▸ **EXERCISE INSTRUCTIONS**:
Transcribe, word for word and without additions, each line below from the one containing "Der falsche Wickelrock" through the one containing "数理教学部的教师们秉扎쀜教研", both ends included.
**** INFORMATION SHOWN
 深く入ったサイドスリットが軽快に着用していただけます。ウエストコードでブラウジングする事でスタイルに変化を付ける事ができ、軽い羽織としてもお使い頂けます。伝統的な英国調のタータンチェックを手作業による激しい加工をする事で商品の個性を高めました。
********
**** INFORMATION SHOWN
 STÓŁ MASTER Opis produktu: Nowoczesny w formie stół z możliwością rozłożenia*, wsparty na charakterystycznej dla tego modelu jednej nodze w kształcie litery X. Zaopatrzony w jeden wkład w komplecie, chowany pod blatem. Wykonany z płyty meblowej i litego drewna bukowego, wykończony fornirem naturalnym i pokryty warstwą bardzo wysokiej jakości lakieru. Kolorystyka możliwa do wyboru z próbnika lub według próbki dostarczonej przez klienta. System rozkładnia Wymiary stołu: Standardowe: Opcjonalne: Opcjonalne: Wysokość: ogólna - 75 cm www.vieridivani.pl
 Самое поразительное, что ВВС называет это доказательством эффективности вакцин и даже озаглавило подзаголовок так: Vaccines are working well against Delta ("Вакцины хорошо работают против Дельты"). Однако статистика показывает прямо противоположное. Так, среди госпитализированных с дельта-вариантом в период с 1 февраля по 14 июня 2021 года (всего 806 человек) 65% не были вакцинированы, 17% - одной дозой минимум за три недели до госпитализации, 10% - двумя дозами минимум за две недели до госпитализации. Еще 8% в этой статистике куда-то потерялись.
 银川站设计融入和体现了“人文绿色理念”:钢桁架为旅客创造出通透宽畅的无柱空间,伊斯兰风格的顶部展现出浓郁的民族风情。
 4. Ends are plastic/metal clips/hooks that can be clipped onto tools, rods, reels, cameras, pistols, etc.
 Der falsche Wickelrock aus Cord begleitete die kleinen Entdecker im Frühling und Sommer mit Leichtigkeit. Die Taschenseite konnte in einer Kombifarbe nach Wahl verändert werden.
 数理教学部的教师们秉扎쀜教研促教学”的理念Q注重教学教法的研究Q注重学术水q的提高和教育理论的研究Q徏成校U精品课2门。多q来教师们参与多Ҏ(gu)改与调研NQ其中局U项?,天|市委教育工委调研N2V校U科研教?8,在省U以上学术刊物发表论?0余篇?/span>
********
▸ **WRITTEN SOLUTION**:
 Der falsche Wickelrock aus Cord begleitete die kleinen Entdecker im Frühling und Sommer mit Leichtigkeit. Die Taschenseite konnte in einer Kombifarbe nach Wahl verändert werden.
 数理教学部的教师们秉扎쀜教研促教学”的理念Q注重教学教法的研究Q注重学术水q的提高和教育理论的研究Q徏成校U精品课2门。多q来教师们参与多Ҏ(gu)改与调研NQ其中局U项?,天|市委教育工委调研N2V校U科研教?8,在省U以上学术刊物发表论?0余篇?/span>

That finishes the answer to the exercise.